Only the lines from the one containing "su red social" through the last line of the data below belong in your answer, copied exactly and without pictures.

BEGIN AVAILABLE DATA

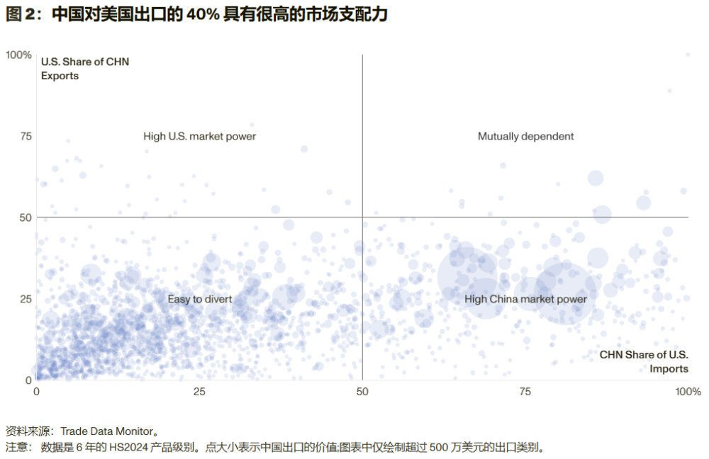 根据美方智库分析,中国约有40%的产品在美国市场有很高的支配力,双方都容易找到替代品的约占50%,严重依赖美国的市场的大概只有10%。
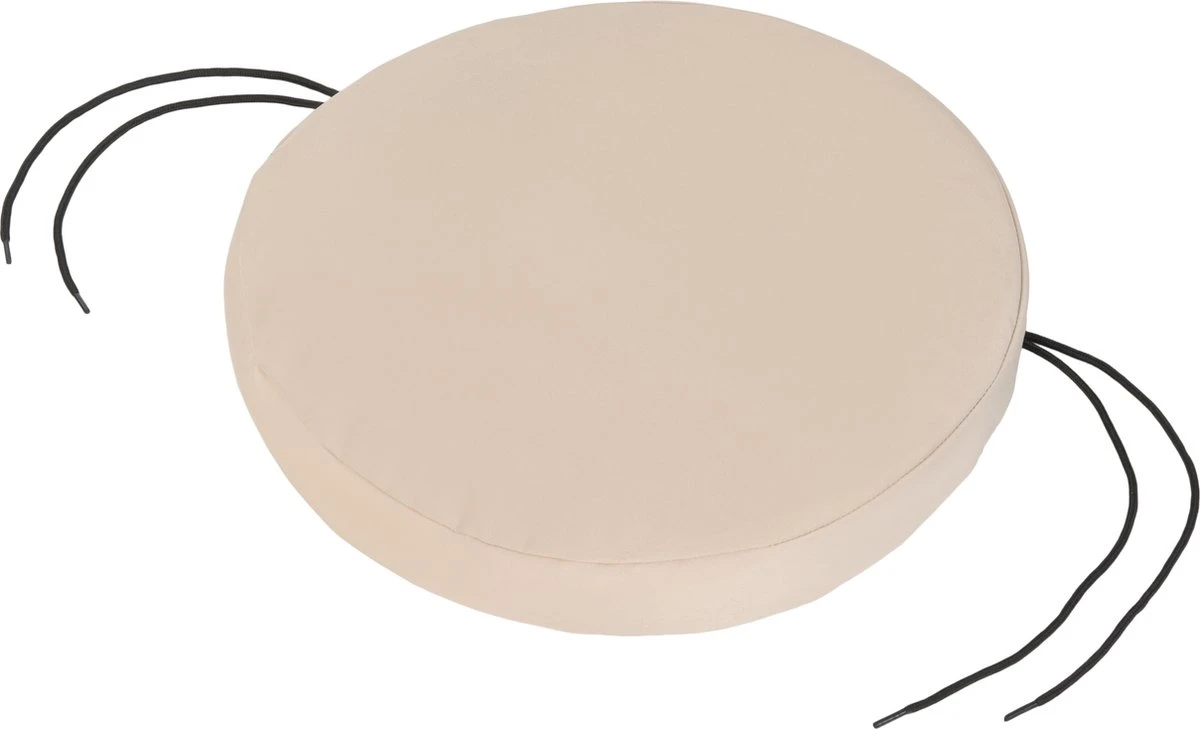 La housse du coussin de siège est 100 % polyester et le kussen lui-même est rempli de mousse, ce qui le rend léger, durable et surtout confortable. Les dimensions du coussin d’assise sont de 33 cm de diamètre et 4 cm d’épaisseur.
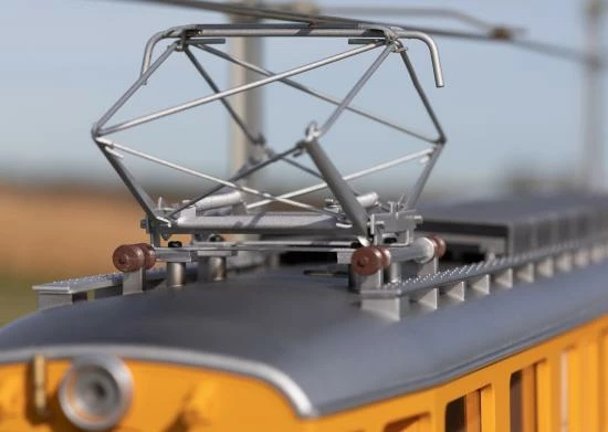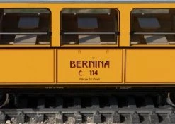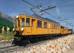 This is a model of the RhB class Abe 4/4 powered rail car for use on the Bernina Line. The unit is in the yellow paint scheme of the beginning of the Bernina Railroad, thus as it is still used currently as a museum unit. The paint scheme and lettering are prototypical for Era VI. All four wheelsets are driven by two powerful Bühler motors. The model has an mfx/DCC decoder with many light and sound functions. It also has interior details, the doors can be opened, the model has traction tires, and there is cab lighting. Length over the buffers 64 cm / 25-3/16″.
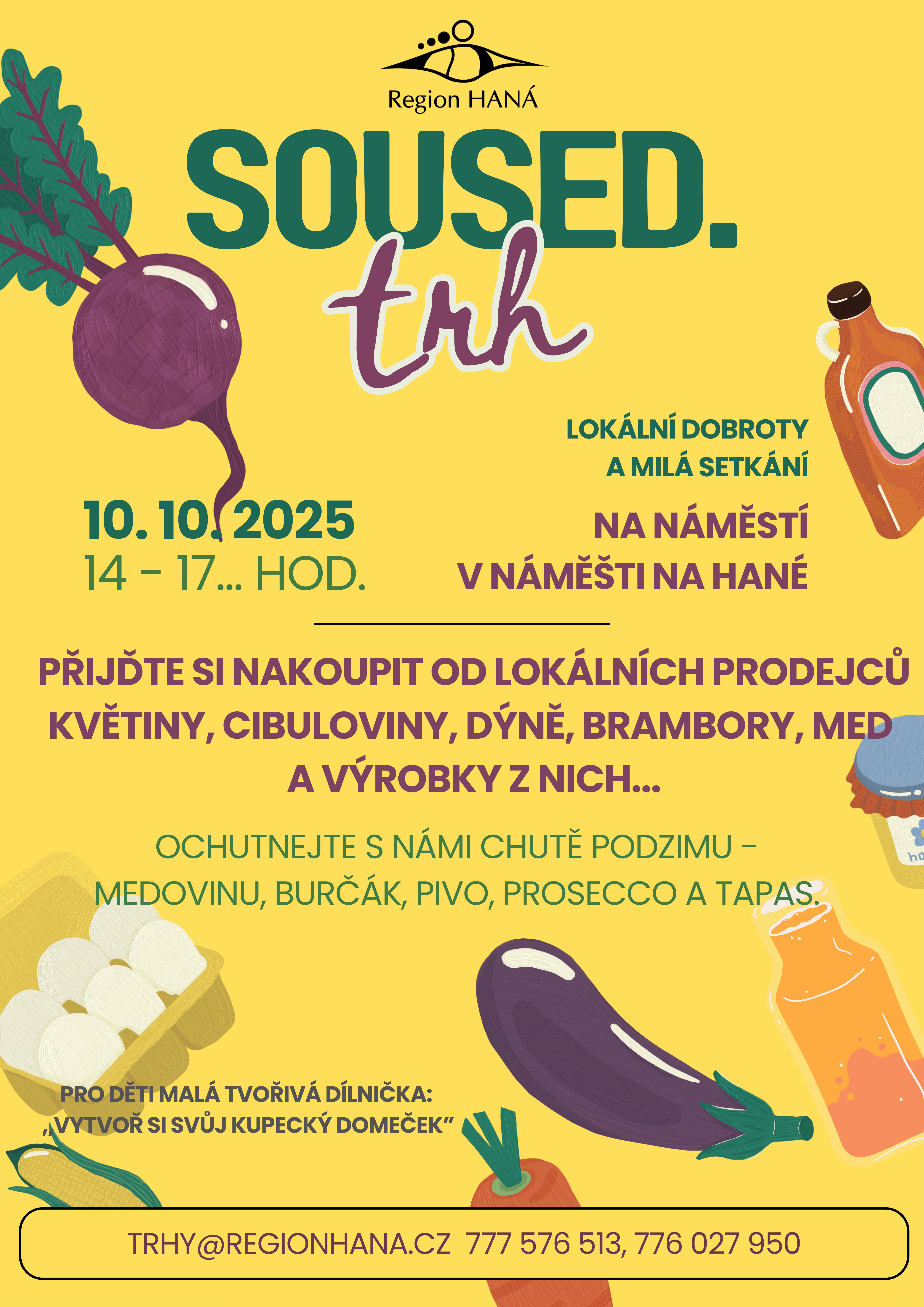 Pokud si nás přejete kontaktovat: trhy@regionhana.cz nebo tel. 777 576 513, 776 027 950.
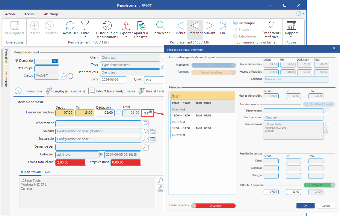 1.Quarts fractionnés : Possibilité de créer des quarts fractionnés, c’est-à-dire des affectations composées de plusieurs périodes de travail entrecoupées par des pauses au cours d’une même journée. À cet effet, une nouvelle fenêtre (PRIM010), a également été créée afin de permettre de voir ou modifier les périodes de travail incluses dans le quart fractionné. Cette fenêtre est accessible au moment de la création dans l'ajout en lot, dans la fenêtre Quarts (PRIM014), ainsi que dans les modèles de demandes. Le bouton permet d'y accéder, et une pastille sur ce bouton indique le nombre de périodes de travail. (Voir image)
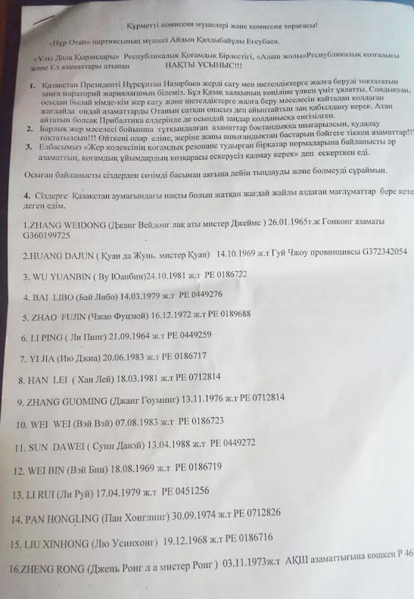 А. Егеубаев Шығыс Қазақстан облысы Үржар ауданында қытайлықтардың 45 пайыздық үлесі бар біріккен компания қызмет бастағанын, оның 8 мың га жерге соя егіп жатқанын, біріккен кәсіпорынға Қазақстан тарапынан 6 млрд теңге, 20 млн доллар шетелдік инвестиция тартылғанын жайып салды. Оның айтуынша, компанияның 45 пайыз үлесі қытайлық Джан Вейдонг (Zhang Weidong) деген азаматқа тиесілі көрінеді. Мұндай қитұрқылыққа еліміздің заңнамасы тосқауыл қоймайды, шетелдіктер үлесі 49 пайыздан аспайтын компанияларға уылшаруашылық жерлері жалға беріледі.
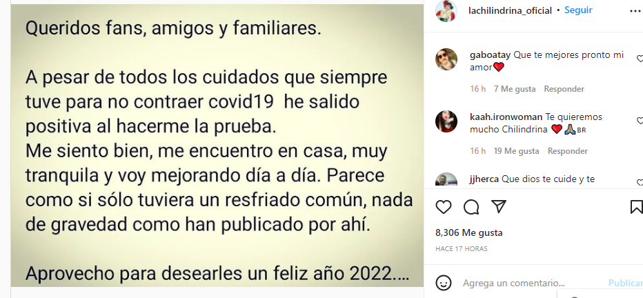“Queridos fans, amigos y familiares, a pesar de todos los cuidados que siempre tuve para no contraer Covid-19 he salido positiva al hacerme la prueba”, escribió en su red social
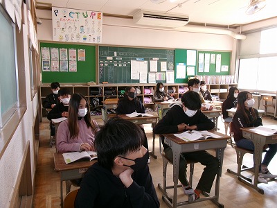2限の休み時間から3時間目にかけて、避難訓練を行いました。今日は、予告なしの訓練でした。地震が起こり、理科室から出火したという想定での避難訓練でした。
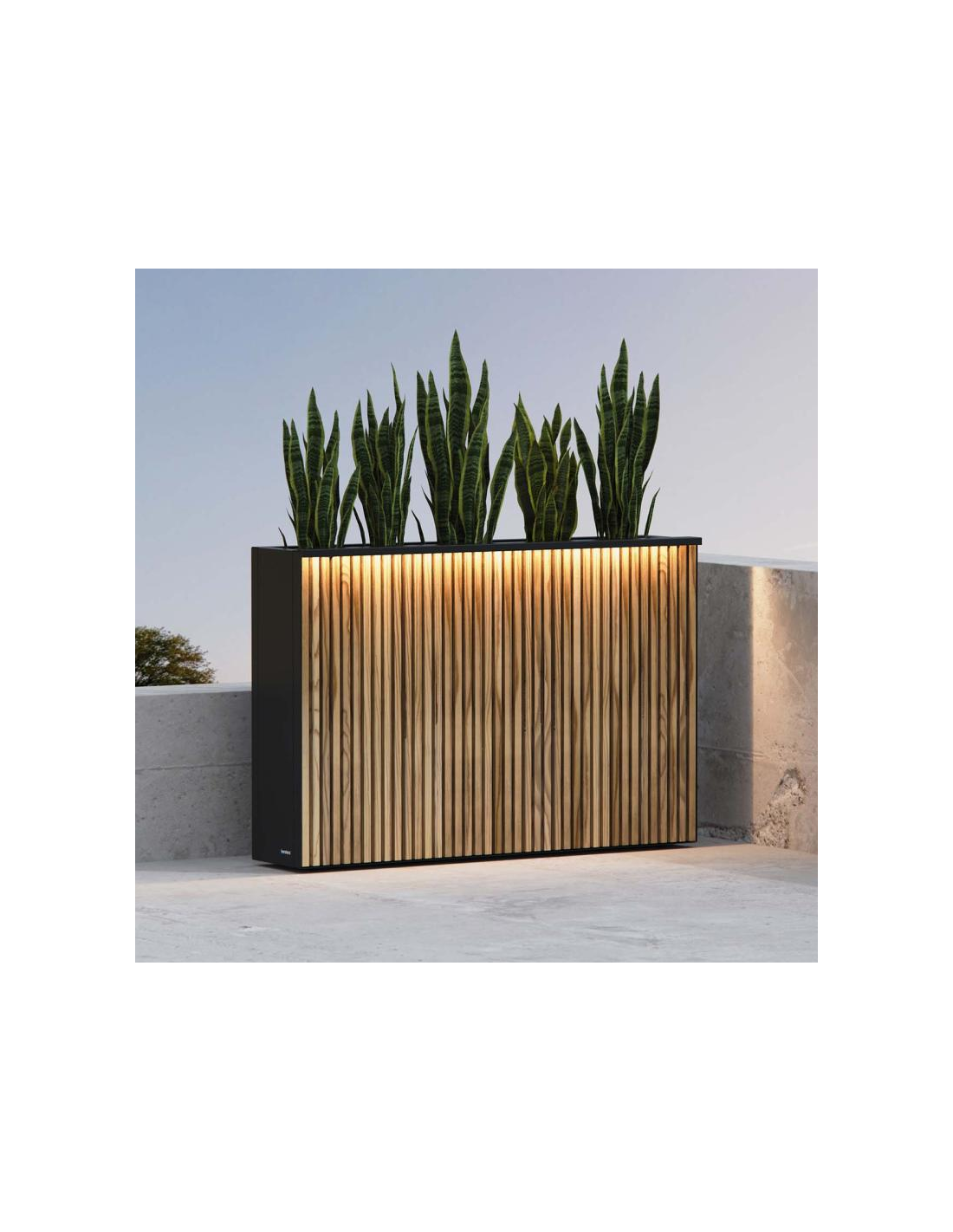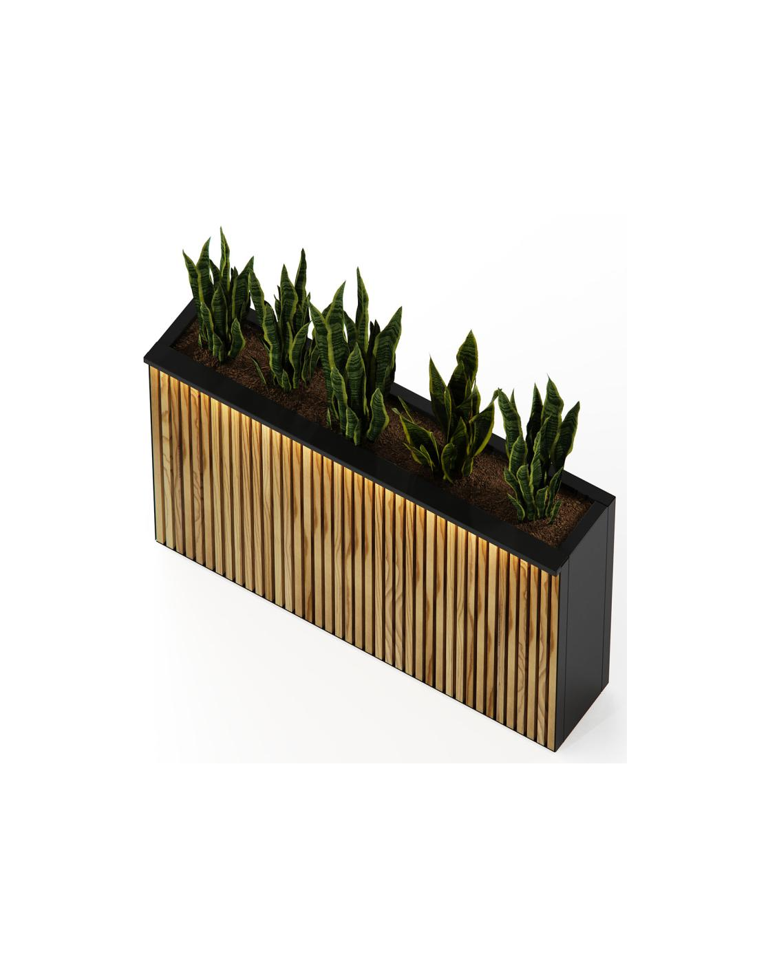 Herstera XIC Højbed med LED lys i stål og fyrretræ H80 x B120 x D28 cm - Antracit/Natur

END AVAILABLE DATA

WRITTEN ANSWER:
“Queridos fans, amigos y familiares, a pesar de todos los cuidados que siempre tuve para no contraer Covid-19 he salido positiva al hacerme la prueba”, escribió en su red social
2限の休み時間から3時間目にかけて、避難訓練を行いました。今日は、予告なしの訓練でした。地震が起こり、理科室から出火したという想定での避難訓練でした。
 Herstera XIC Højbed med LED lys i stål og fyrretræ H80 x B120 x D28 cm - Antracit/Natur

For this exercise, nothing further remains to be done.